Mada Zola shook her head. “Written spells die with their witch. Her copy will be nothing but ash now. The Royals have a copy, but spells of that magnitude are kept in only one place: the spell library at Castle Ides. Only members of the Haute who have invitations can access them. I had an invitation, but it was revoked with my banishment.” She motioned to the delicate bracelet on her wrist; it looked like jewelry but was, in fact, the bond of her imprisonment. “One step beyond the fields and I turn to dust.” She swiped a finger along the top of a cabinet, coming away with a fine coating of dust that sizzled when she brushed it into the fire.
“But we have only a few days left.” Anouk fingered the clock in her pocket with a growing sense of panic. “You mean everything we’ve risked is for nothing?” She shook her head violently. “It can’t all just be lost.”
The witch looked at her with pity. “How much time do you have left?”
Beau said quietly, “About fifty-two hours.”
“Then it isn’t over yet.

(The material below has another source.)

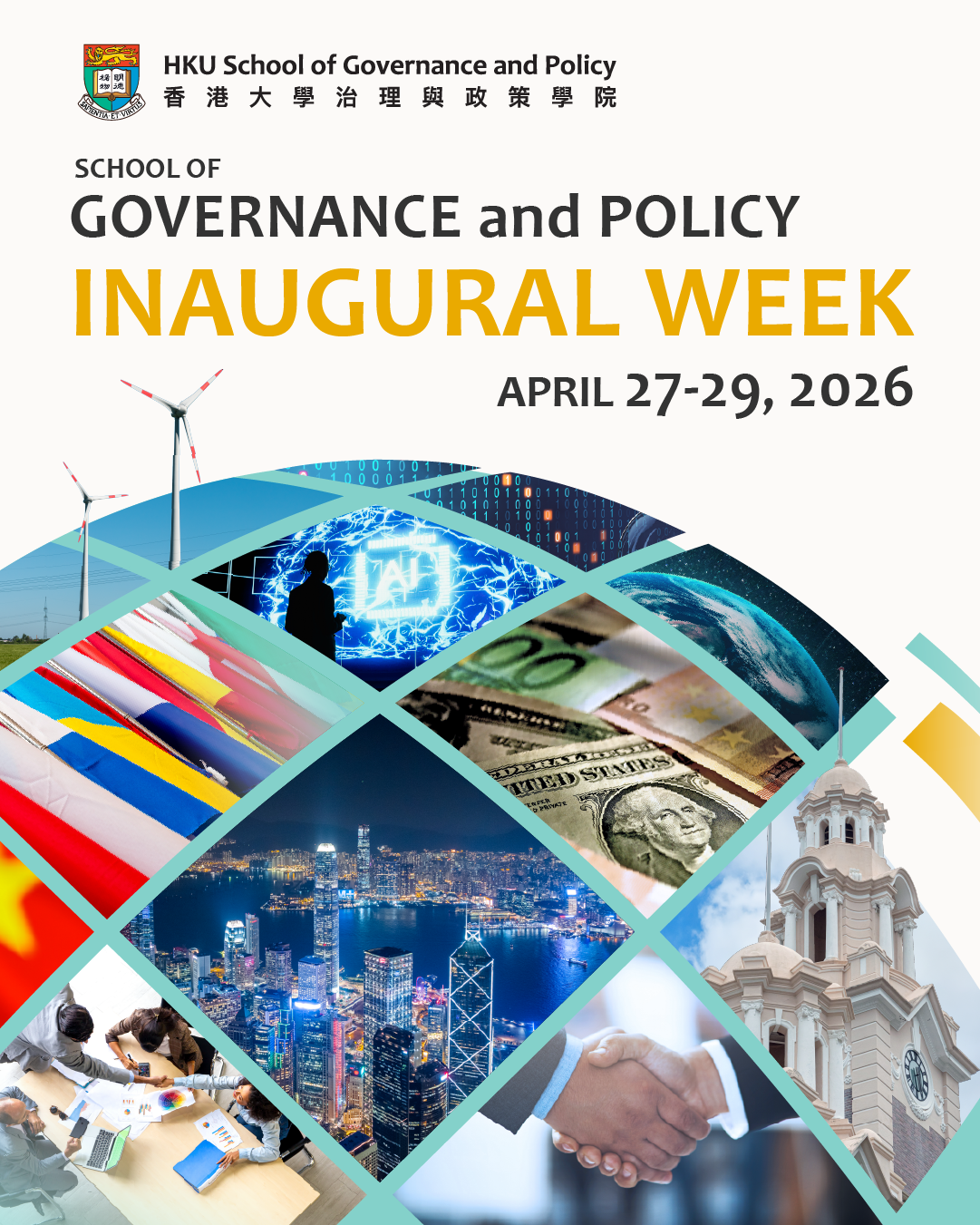 HKU School of Governance and Policy is delighted to announce the Inaugural Week of the HKU School of Governance and Policy, taking place from 27 to 29 April 2026. As a key part of the celebrations, we invite you to join our Open Dialogues on Global Policy Challenges and Solutions on 29 April, where leading scholars will address some of the most pressing issues facing our region and the world.

There might be a way to extend your enchantment without the original spell, some alternative trick.”
Anouk found it hard to take comfort from the witch’s words. How many hollow promises had Mada Vittora made her? Her mood turned sour, nasty. Witches were tricky. “We can repay you, if that’s what this is about. We can serve you like we served our last mistress. I’m a wonder with a mop. I make a good quiche too.” She didn’t mean for her words to sound as bitter as they did.
A log popped in the fire. Mada Zola eyed the three of them for a long time.

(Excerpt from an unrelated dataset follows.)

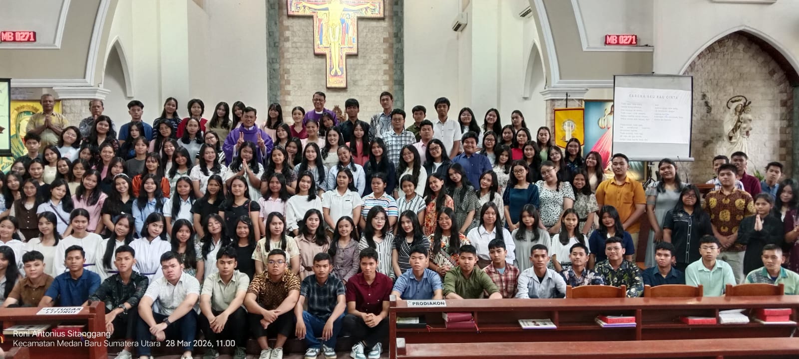 Medan (Humas) Penyuluh Agama Katolik Kementerian Agama Kota Medan yang diwakili oleh Roni Antonius Sitanggang, S.Fil., dan Marulam Nainggolan, S.S., menghadiri kegiatan Misa Pemberangkatan Siswa Kelas XII tingkat SMA yang dilaksanakan pada Sabtu (28/03/2026) pukul 09.00 hingga 13.00 WIB di Gereja Paroki St. Antonius dari Padua Hayam Wuruk Medan, beralamat di Jl. Hayam Wuruk No. 1, Kelurahan Petisah Hulu, Kecamatan Medan Baru, Kota Medan, Sumatera Utara.

“Quiche. Mops.” There was an oddly electric look in her eyes. “You poor dearies. You don’t have a clue what you really are, do you?”
Anouk’s breathing felt too fast. A distant voice was ringing in her ears, Prince Rennar standing in Mada Vittora’s foyer, leaning toward her with those fathomless blue eyes and unsettling words on his lips. You aren’t made for sweeping floors, little beastie.
From every wall, his face watched, his eyes finding hers over and over. She knew that whatever Mada Zola was about to tell them was what Rennar had been referring to. The great mystery, revealed.
The next few words were about to change their lives forever.